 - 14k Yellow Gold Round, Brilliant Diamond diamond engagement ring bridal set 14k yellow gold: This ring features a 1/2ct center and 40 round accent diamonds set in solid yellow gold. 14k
...
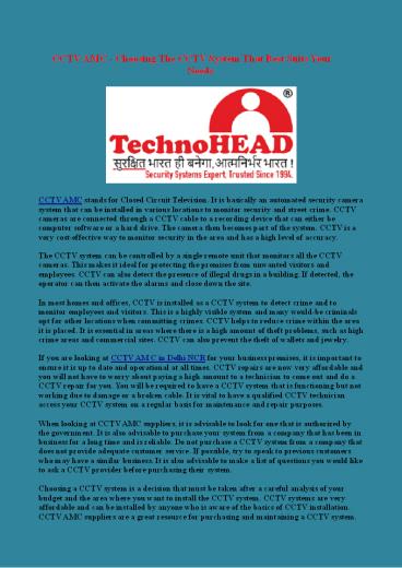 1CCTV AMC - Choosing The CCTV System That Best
* * *
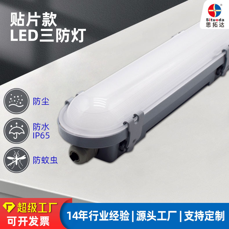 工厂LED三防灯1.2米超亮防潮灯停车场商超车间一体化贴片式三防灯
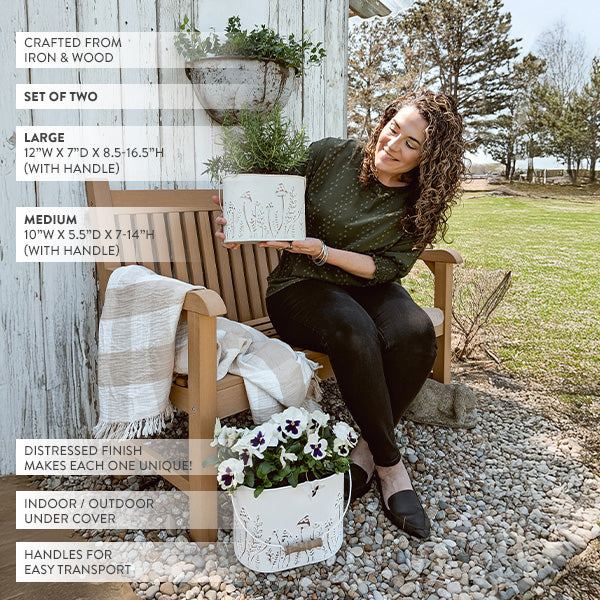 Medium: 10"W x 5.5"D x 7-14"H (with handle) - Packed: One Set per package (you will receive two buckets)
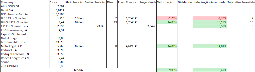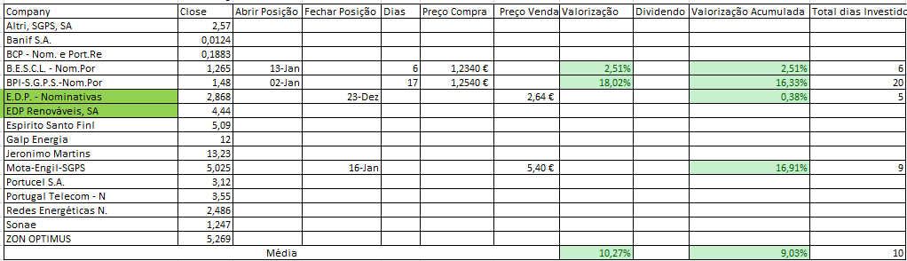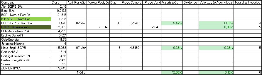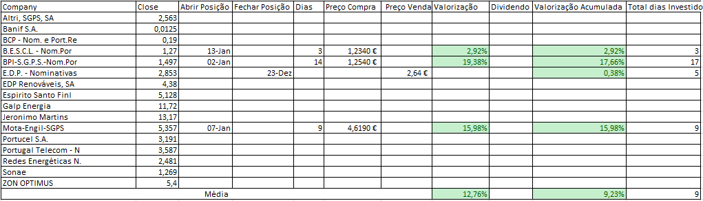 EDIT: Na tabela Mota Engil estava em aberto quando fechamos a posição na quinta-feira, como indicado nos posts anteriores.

◆ **What to do**: Using the data above, give again exactly the lines starting at the one holding "工厂LED三防灯1.2米超亮防潮灯停车场商超车间一体化贴片式三防灯" and ending at the one holding "EDIT: Na tabela", inclusive, and nothing more. Omit the pictures.

◆ **Task output**:
 工厂LED三防灯1.2米超亮防潮灯停车场商超车间一体化贴片式三防灯
 Medium: 10"W x 5.5"D x 7-14"H (with handle) - Packed: One Set per package (you will receive two buckets)
 EDIT: Na tabela Mota Engil estava em aberto quando fechamos a posição na quinta-feira, como indicado nos posts anteriores.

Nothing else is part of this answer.